Instructions to follow: For the entries below, print exactly the lines between the line holding "Reloj de mujer" and the line holding "Als je zin hebt", inclusive, and nothing else.

Material supplied:
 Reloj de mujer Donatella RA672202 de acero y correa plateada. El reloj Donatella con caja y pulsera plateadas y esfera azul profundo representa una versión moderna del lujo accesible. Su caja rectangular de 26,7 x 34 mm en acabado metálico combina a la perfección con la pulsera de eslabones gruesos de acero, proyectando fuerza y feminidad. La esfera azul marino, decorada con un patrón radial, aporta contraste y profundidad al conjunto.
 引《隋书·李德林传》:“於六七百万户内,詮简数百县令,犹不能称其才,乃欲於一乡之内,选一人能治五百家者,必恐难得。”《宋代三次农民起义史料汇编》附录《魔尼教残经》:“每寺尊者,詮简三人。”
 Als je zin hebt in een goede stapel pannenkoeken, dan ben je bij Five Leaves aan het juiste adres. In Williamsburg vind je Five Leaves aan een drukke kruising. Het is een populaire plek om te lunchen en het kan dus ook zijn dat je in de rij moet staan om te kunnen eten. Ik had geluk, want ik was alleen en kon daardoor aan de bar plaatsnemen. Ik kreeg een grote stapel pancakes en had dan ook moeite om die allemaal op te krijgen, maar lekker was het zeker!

--

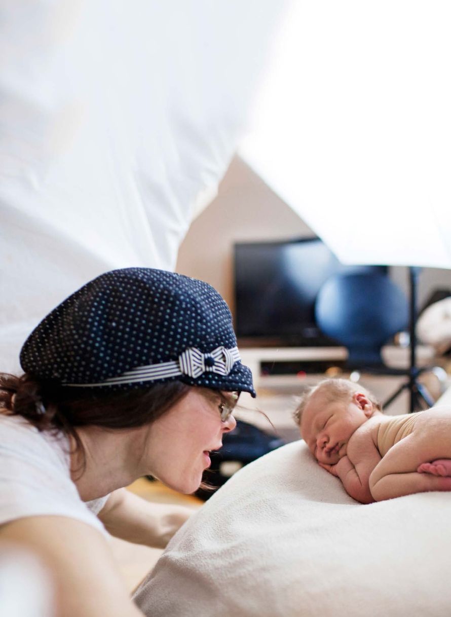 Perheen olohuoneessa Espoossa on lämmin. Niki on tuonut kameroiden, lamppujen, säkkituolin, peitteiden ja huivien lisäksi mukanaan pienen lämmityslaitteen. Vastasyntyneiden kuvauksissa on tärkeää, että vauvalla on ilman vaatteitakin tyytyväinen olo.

...

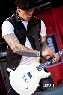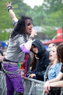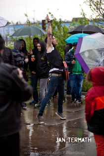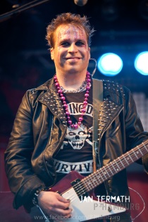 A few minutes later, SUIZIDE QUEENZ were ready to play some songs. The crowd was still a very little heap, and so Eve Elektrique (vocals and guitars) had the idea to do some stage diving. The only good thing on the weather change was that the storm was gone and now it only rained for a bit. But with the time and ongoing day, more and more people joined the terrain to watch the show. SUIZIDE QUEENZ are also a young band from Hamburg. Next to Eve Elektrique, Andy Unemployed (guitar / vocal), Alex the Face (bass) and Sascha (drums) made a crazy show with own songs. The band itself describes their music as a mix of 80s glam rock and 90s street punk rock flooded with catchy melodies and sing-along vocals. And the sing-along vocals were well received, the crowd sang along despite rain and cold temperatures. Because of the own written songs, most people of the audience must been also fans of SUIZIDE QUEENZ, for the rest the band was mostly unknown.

The answer:
 Reloj de mujer Donatella RA672202 de acero y correa plateada. El reloj Donatella con caja y pulsera plateadas y esfera azul profundo representa una versión moderna del lujo accesible. Su caja rectangular de 26,7 x 34 mm en acabado metálico combina a la perfección con la pulsera de eslabones gruesos de acero, proyectando fuerza y feminidad. La esfera azul marino, decorada con un patrón radial, aporta contraste y profundidad al conjunto.
 引《隋书·李德林传》:“於六七百万户内,詮简数百县令,犹不能称其才,乃欲於一乡之内,选一人能治五百家者,必恐难得。”《宋代三次农民起义史料汇编》附录《魔尼教残经》:“每寺尊者,詮简三人。”
 Als je zin hebt in een goede stapel pannenkoeken, dan ben je bij Five Leaves aan het juiste adres. In Williamsburg vind je Five Leaves aan een drukke kruising. Het is een populaire plek om te lunchen en het kan dus ook zijn dat je in de rij moet staan om te kunnen eten. Ik had geluk, want ik was alleen en kon daardoor aan de bar plaatsnemen. Ik kreeg een grote stapel pancakes en had dan ook moeite om die allemaal op te krijgen, maar lekker was het zeker!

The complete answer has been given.